Emoji for Developers: Unicode, Regex & Code Points

If you’ve ever tried to count the characters in a string containing emoji and gotten a wrong number, you know emoji are deceptively complicated under the hood. This guide covers what developers need to know: code points, surrogate pairs, regex patterns, HTML entities, and the weird world of ZWJ sequences.

How Emoji Work in Unicode

Every emoji is one or more Unicode code points. The simplest emoji are single code points in the range U+1F600 to U+1F64F (emoticons), U+1F300 to U+1F5FF (miscellaneous symbols and pictographs), and a few other blocks. But that’s just the starting point.

A "simple" emoji like 😀 is a single code point: U+1F600. Easy enough.
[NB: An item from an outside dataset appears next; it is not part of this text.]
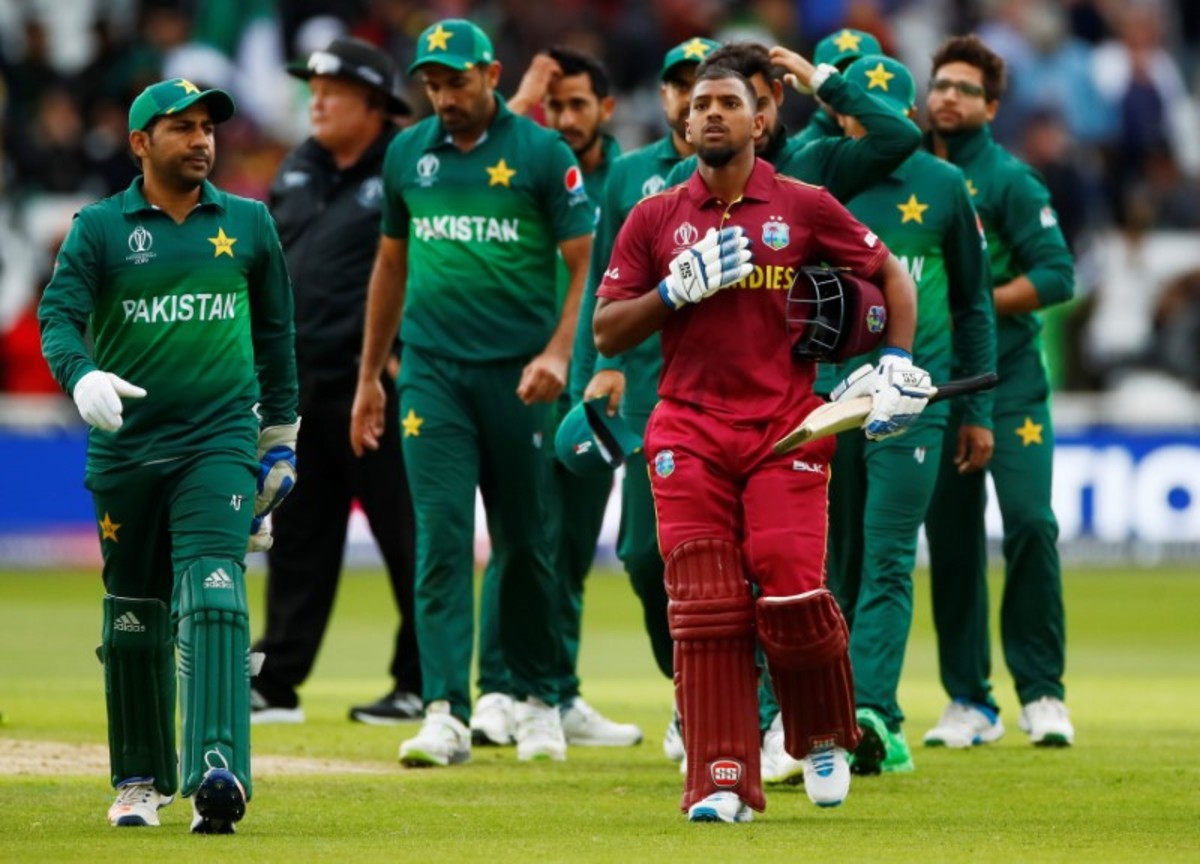 Cricket - ICC Cricket World Cup - West Indies v Pakistan - Trent Bridge, Nottingham, Britain - May 31, 2019 West Indies' Nicholas Pooran walks off the pitch after hitting the winning runs as Pakistan's Sarfaraz Ahmed and team mates look dejected Action Images via Reuters/Jason Cairnduff

But 👍🏽 is actually two code points: U+1F44D (thumbs up) + U+1F3FD (medium skin tone modifier). And 👨‍💻 (man technologist) is three code points joined by Zero Width Joiners: U+1F468 + U+200D + U+1F4BB.

As of Unicode 16.0, there are over 3,600 emoji including all skin tone and gender variations. The total number of code points involved is much larger when you account for modifiers and joiners.

Code Points and Surrogate Pairs in JavaScript

JavaScript strings use UTF-16 encoding internally. Most emoji have code points above U+FFFF, which means they need two 16-bit code units (a surrogate pair) to represent. This is where things get tricky:

// The length trap
"😀".length          // 2 (not 1!)
"👨‍💻".length          // 5 (not 1!)

// What's actually happening
"😀".charCodeAt(0)   // 55357 (high surrogate: 0xD83D)
"😀".charCodeAt(1)   // 56832 (low surrogate: 0xDE00)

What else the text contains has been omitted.